Another way of examining what portion of cancer risk is attributable to the environment involves asking what portion is not attributable to the environment. As definitions of what constitutes the environment become more and more inclusive they approach a possibly oversimplified, but still useful concept where the environmentally attributable risk = 1 – the genetically attributable risk. Irrespective of how one accounts for epigenetic changes in this concept, it is interesting to note that despite dramatic increases in genetic knowledge that began with a draft sequenced human genome in 2000 through today, the estimates of the genetic contribution to cancer incidence have not much changed. Vogelstein and Kinzler (1998)

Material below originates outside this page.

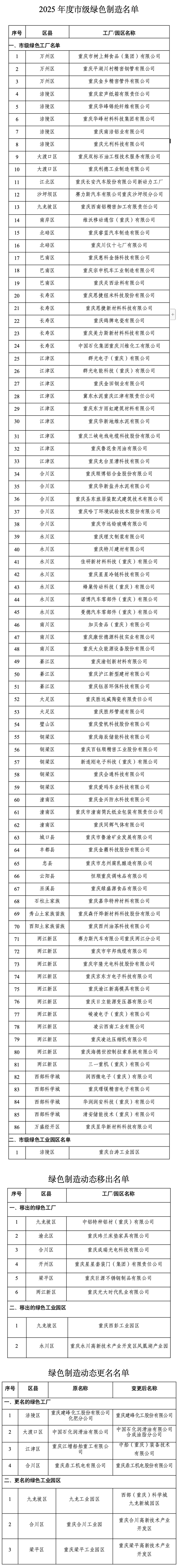 另外,按照动态管理相关要求,经各区县经信部门核实,将6家绿色工厂、2家绿色工业园区移出市级绿色制造名单,7家单位变更名称。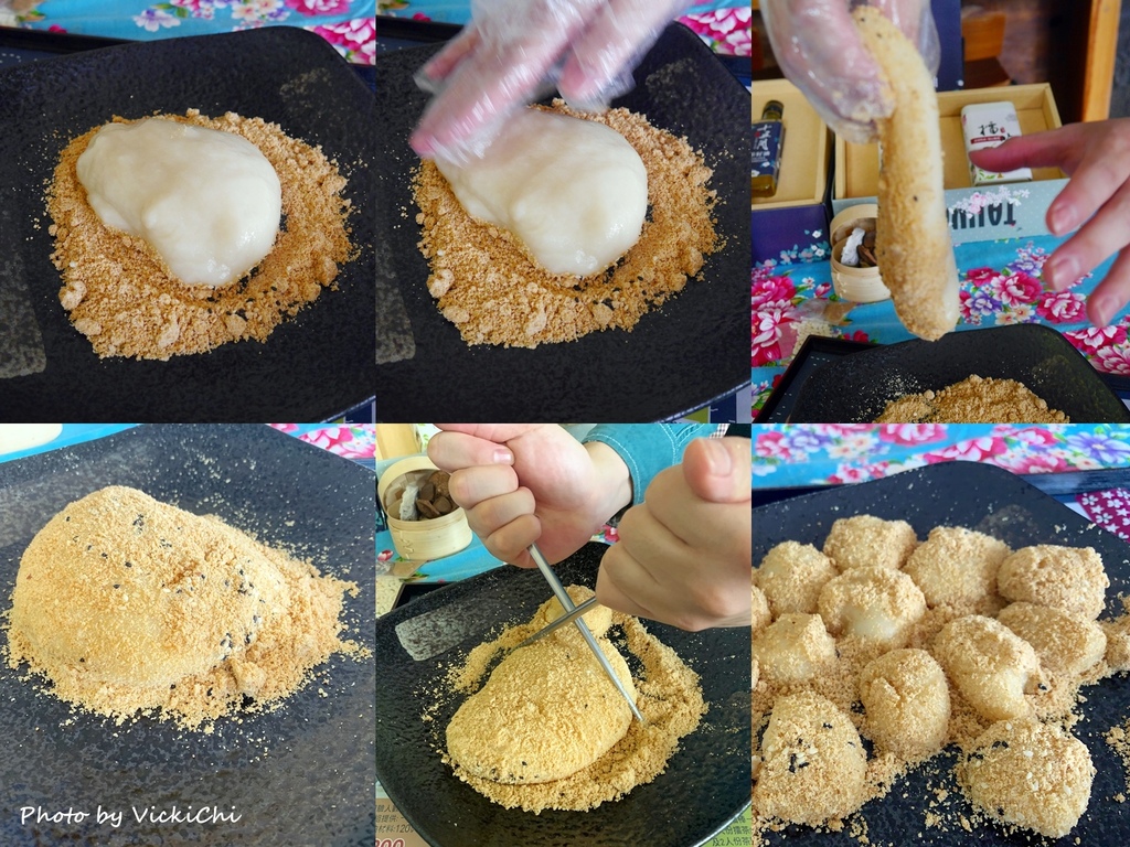 經過木杵的搥擊,讓麻糬有很長的延展性。和閩南式麻糬最大的差別是客家麻糬的配料是沾花生粉及糖粉一起吃。用鐵筷把麻糬分成小塊,這個分法不太容易,常常會把花生粉噴出盤子外圍。搗好的麻糬和磨好的擂茶,現場就可以立即享用。

provided in 1998 an estimate that high-penetrance genes accounted for less than 5% of cancers. Few changes have occurred since then (Vineis, 2004
), in fact it has been reported that only three new high-penetrance cancer susceptibility genes had been discovered between 2001 and 2007 with few expected in the future (Eisinger and Horsman, 2007
). Additionally, from 2007 through 2011 genome-wide association studies have suggested no high-penetrance susceptibility alleles and taken in total genome-wide association study findings continue to explain only a small amount of the heritability of cancer. This all suggests there is a small fixed portion of risk attributable to genetics leaving the large remainder of risk attributable to epigenetic and environmental factors. During this same time period human activity has continued to substantially change the types of environmental exposures we experience and how they are distributed (for example Climate change, ubiquity of endocrine disrupters, shifting tobacco-smoking demographics, changing food environment, the Deepwater Horizon oil spill etc).
Taken together these observations suggest that the numerous definitions of the environment we observe are simply dividing up the same large and relatively fixed portion of the environmentally attributable “risk pie” in different ways, often appropriately reflecting a changing environment. Even Doll acknowledged that the “pie” includes many overlapping and interacting slices and the true proportions may total hundreds of percents (Doll, 1998
). This also suggests that time and energy devoted to establishing a consensus on the environmentally attributable cancer risk may not be well-spent. Rather, the best way forward may prove to be a clear disclosure of the conceptual model and perspective used by the observer that is strongly tethered to the environmentally attributable risk estimate they have provided.